= Management assertions =

Term used in financial auditing

Management assertions or financial statement assertions are the implicit or explicit assertions that the preparer of financial statements (management) is making to its users. These assertions are relevant to auditors performing a financial statement audit in two ways. First, the objective of a financial statement audit is to obtain sufficient appropriate audit evidence to conclude on whether the financial statements present fairly, in all material respects, the financial position of a company and the results of its operations and cash flows. In developing that conclusion, the auditor evaluates whether audit evidence corroborates or contradicts financial statement assertions. Second, auditors are required to consider the risk of material misstatement through understanding the entity and its environment, including the entity's internal control. Financial statement assertions provide a framework to assess the risk of material misstatement in each significant account balance or class of transactions.

Both United States and International auditing standards include guidance related to financial statement assertions, although the specific assertions differ. The PCAOB and the IFAC address this topic in AS 1105 (updated from AS 15 as of December 31, 2016) and ISA 315, respectively. The American Institute of Certified Public Accountants identifies the following financial statement assertions:
1. Transactions and events
  - Occurrence — the transactions recorded have actually taken place.

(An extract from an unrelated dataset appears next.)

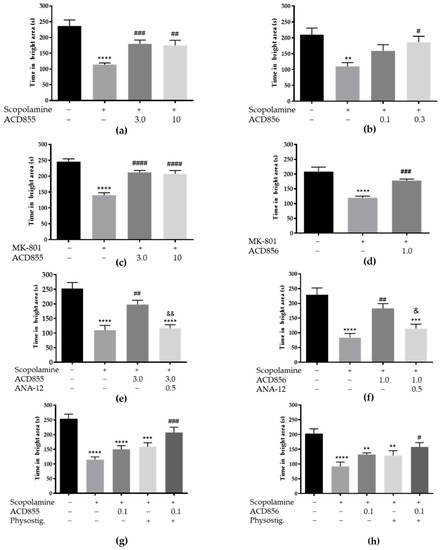 ACD855 or ACD856 reverses memory-impairment in the passive avoidance task in mice. ACD855 (3 or 10 mg/kg) was administered s.c. for 4 consecutive days, whereas ACD856 (0.1, 0.3 or 1 mg/kg) was administered as a single dose 60 min prior to the experiment in combination with scopolamine (0.3 mg/kg, s.c.), MK-801 (0.3 mg/kg, i.p.), ANA-12 (0.5 mg/kg, s.c), or physostigmine (0.0125 mg/kg, s.c). Memory was assessed by measuring the total time the animals spent in the bright compartment, the maximum being 300 s. (a,b) ACD855 or ACD856 reversed scopolamine-induced memory impairment at the indicated doses. ** p < 0.01 or **** p < 0.0001 for scopolamine vs. the control group. #### p < 0.0001, ## p < 0.01, or # p < 0.05 for compound and scopolamine-treated animals vs. the scopolamine-treated group. (c,d) ACD855 or ACD856 reversed MK-801 induced memory impairment at the indicated doses. **** p < 0.0001 for MK-801 vs. the control group. ### p < 0.001 or ## p < 0.01 for compound- and MK-801-treated animals vs. the MK-801-treated group. (e,f) ANA12 inhibited ACD855- or ACD856-induced memory improvement. Animals were treated with scopolamine, ACD855 or ACD856 or ANA-12 as indicated (mg/kg). **** p < 0.001 for scopolamine vs. the control group. ## p < 0.01 for ACD855- and scopolamine-treated animals vs. the scopolamine-treated group, & p < 0.05 or && p < 0.01 for 855 and scopolamine- treated animals vs. ANA-12-, ACD855-, and scopolamine-treated group. (g,h) Physostigmine and ACD855 or ACD856 acted in an additive manner to reverse scopolamine-induced impairment. **** p < 0.0001 for scopolamine vs. the control group. **** p < 0.0001 or ** p < 0.01 for scopolamine + physostigmine vs. the control group. *** p < 0.001 or ** p < 0.01 for scopolamine + ACD855 or ACD856 vs. the control group and ### p < 0.001 or # p < 0.05 for scopolamine-, ACD856-, and physostigmine-treated animals vs. the scopolamine-treated group.
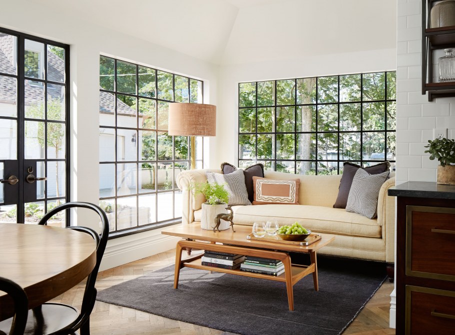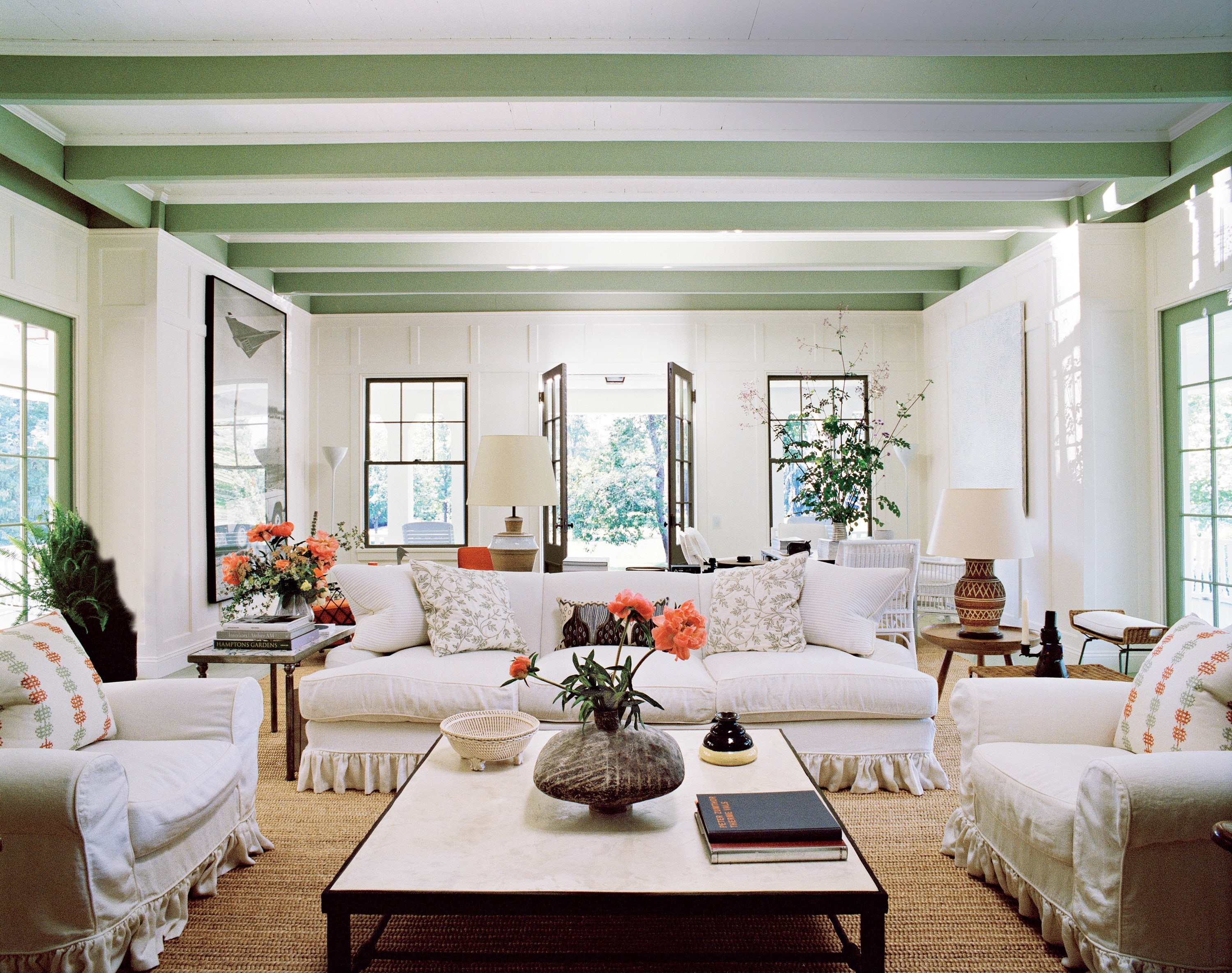 Белый интерьер с зелеными балками

  - Completeness — all transactions that should have been recorded have been recorded.
  - Accuracy — the transactions were recorded at the appropriate amounts.

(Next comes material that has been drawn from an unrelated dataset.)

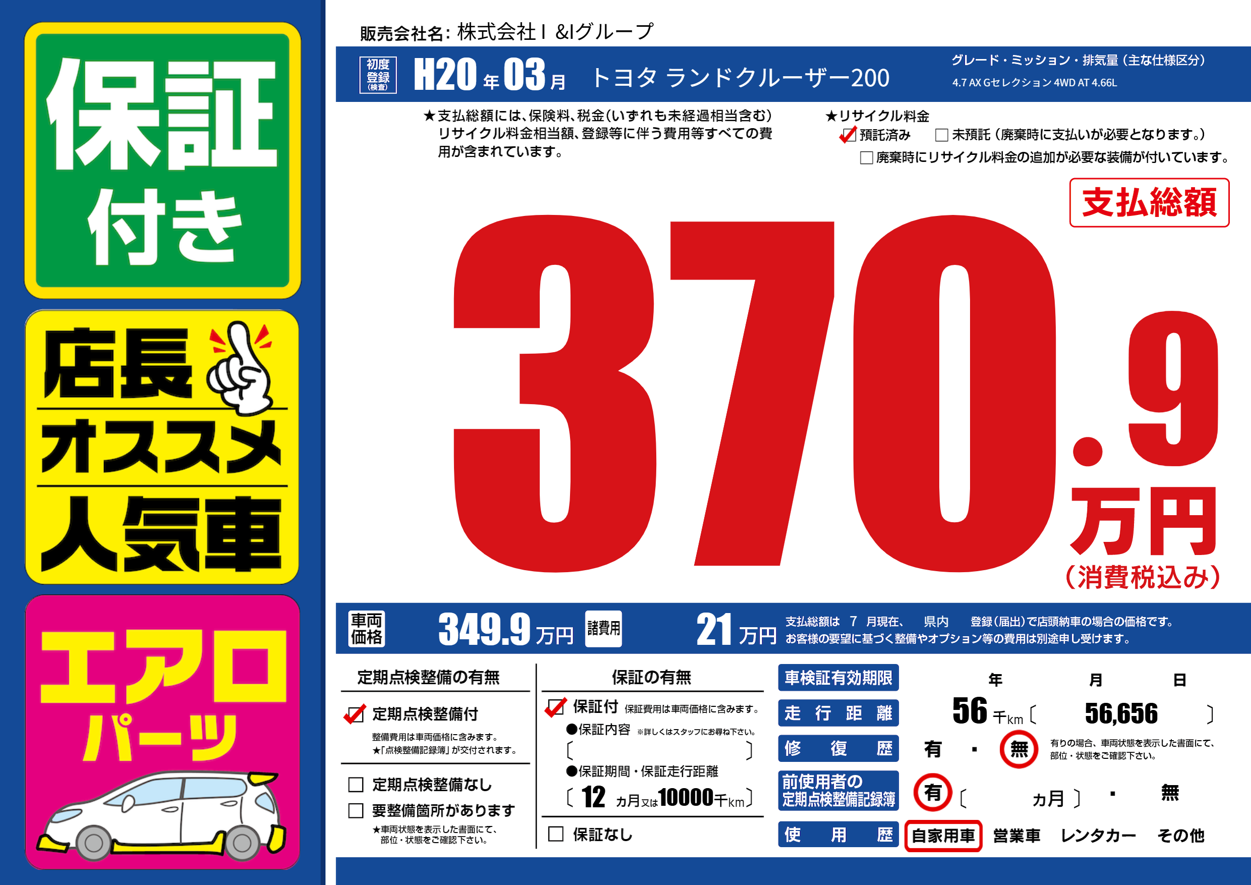 | 車名 | トヨタ ランドクルーザー200 | グレード ミッション 排気量 |
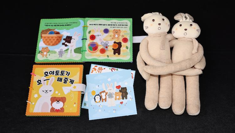 아동학대는 신체 가학행위뿐만 아니라 언어적 폭력과 방치, 무관심도 포함된다. 치료기관 등의 낯선 환경에서 아이들은 두려움을 느끼고 위축되기 쉽다. 이를 극복할 수 있도록 안정적인 환경을 제공해 주는 것 또한 중요한 치유의 시작이 될 수 있다. 오랜 기간 미술치료사로 활동한 오희정 강사는 한 내담자를 통해 아동학대에 관심을 갖게 되어 2018년, 서울 거버넌스에 ‘학대 피해 아동의 마음을 치유해 주는 서비스 디자인’을 제안하게 되었다. 각 분야 전문가와 시민의 참여로 탄생하게 된 ‘호야토토’는 18년도부터 꾸준히 업그레이드되고 있다. 5세~7세 아이들이 품에 안았을 때 가장 안정감을 느낄 수 있는 질감과 컬러의 토끼 인형인 ‘호야토토’ 인형을 시작으로 인형과 호야토토 벽지로 꾸며진 아이 전용공간을 마련해놓기도 했다. 트라우마나 실어증 극복에 효과적인 손 근육 사용을 위해 손 근육 발달에 효과적인 놀잇감을 선별해 호야토토 놀이 키트를 만들고 21년 11월엔 아이들이 스티커로 직접 이야기를 만들어갈 수 있는 형태의 헝겊책을 선보였다.

  - Cutoff — the transactions have been recorded in the correct accounting period.
  - Classification — the transactions have been recorded in the appropriate caption.
2. Accounts balances as of period end
  - Existence — assets, liabilities and equity balances exist.
  - Rights and Obligations — the entity legally controls rights to its assets and its liabilities faithfully represent its obligations.
  - Completeness — all balances that should have been recorded have been recorded.
  - Valuation and Allocation — balances that are included in the financial statements are appropriately valued and allocation adjustments are appropriately recorded.
3. Presentation and disclosure
  - Occurrence — the transactions and disclosures have actually occurred.
  - Rights and Obligations — the transactions and disclosures pertain to the entity.
  - Completeness — all disclosures have been included in the financial statements.
  - Classification — financial statements are clear and appropriately presented.
  - Accuracy and Valuation — information is disclosed at the appropriate amounts.